The Bacterial Isolate Genome Sequence Database (BIGSdb) is a scalable, web-accessible database system designed to store and analyse linked phenotypic and genotypic information in a computationally efficient manner. Sequence data can range from single sequence reads to multiple contigs generated by whole genome sequencing technologies. The system incorporates the capacity to define and identify any number of loci and genetic variants at those loci within the stored nucleotide sequences. These loci can be further organised into schemes for isolate characterisation or for evolutionary or functional analyses.

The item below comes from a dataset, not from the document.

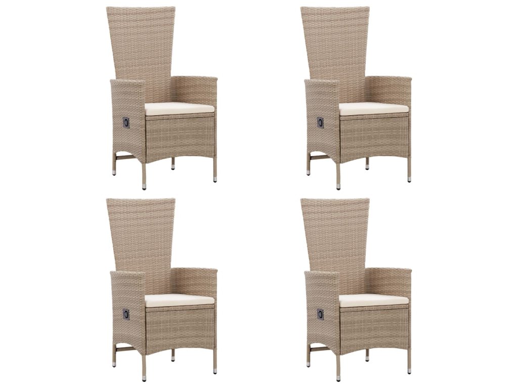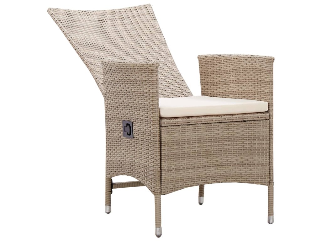 Jídelní stůl je zhotovený z masivního akáciového dřeva, takže je pevný a stabilní. Olejem napuštěný povrch vám umožní používat tento stůl i ve venkovních prostorech. Jídelní židle mají ocelový rám, který je opletený klimaticky odolným PE ratanem, jsou proto bytelné a snadno se udržují čisté. Područky jsou krásně zdůrazněné masivním akáciovým dřevem, které do vašeho domova vnese rustikální šarm. Stisknutím tlačítka na boku můžete sklopit opěradlo a zároveň i zvednout podnožku. Každá židle má hustě polstrovanou podušku, abyste si při odpočinku mohli dopřát mimořádný komfort.

See Jolley and Maiden 2010, BMC Bioinformatics 11:595 (http://www.biomedcentral.com/1471-2105/11/595).
You can report bugs or make enhancement requests using the issues tracker at https://github.com/kjolley/BIGSdb. The source code is also mirrored there.
The BIGSdb tool is a wonderful platform for collaborative microbial population biology and genomic epidemiology projects. It extends the concepts that made the success of MLST to the genome-wide scale. Key to its design is the separation of genotypic and isolates databases, which enables at the same time the sharing of common nomenclatures across public health agencies or research laboratories, while allowing confidentiality of isolates metadata. Our experience of the software is excellent. It is highly reliable (no bug detected so far after more than one year of usage), user friendly (despite a serious learning curve), evolves fast to extended functionality, and the support is very fast and helpful. Microbiologists with no knowledge in bioinformatics can easily use it to extract relevant information from their own microbial isolates genomes. To my knowledge there is no open-source, freely distributed equivalent software so far.